Seit dem Verfassungsgerichts-Urteil am Donnerstag und vor der Präsidentschaftswahl am Wochenende dominiert Chaos. Die Entscheidung der Richter, das Wahlgesetz für verfassungswidrig zu erklären und das Parlament aufzulösen, macht den bisher wichtigsten Baustein eines demokratischen Neubeginns zunichte.
Erst im Januar hatte der Oberste Militärrat, der seit dem Sturz Mubaraks die Macht ausübt, die Gesetzgebungskompetenz an das neu gewählte Plenum abgetreten, in dem Muslimbrüder und Salafisten eine 70 Prozent-Mehrheit besitzen. Nun fällt die Legislative zurück an die Generäle.
Wie geht es weiter in Ägypten?
Mit der Auflösung des Parlaments ist auch die Verfassungsgebende Versammlung annulliert. Ihre Zusammensetzung muss durch das Parlament bestimmt werden, dessen Beschlüsse alle für nichtig erklärt sind. Es bleibt aber die Möglichkeit, dass der Oberste Militärrat die Zusammensetzung nun per Dekret festlegt. Dann würde in der zweiten Jahreshälfte zunächst die neue Verfassung ausgearbeitet und danach das neue Parlament gewählt.

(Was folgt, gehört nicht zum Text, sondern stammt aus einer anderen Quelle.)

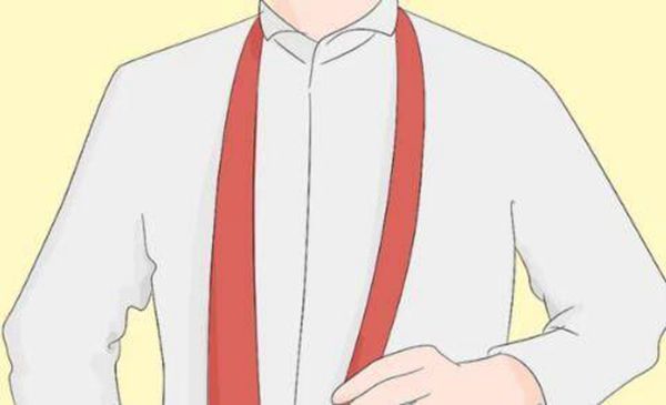 1、将领带反面朝外。宽端应放在右侧,窄端在左。

Zweifel an der Verfassungsmäßigkeit des bisherigen Wahlgesetzes bestanden von Anfang an. Nach Auffassung der Richter benachteiligt das Recht individuelle Kandidaten, die sich nicht auf eine Parteiliste stützen können. Mit einem neuen Wahlrecht bekämen säkulare und liberale Kandidaten sowie Bewerber aus den Reihen des alten Regimes viel stärker die Möglichkeit, über Einzelmandate ins neue Plenum einzuziehen. Das nächste Parlament würde dann weniger von den islamistischen Parteiblöcken dominiert sein.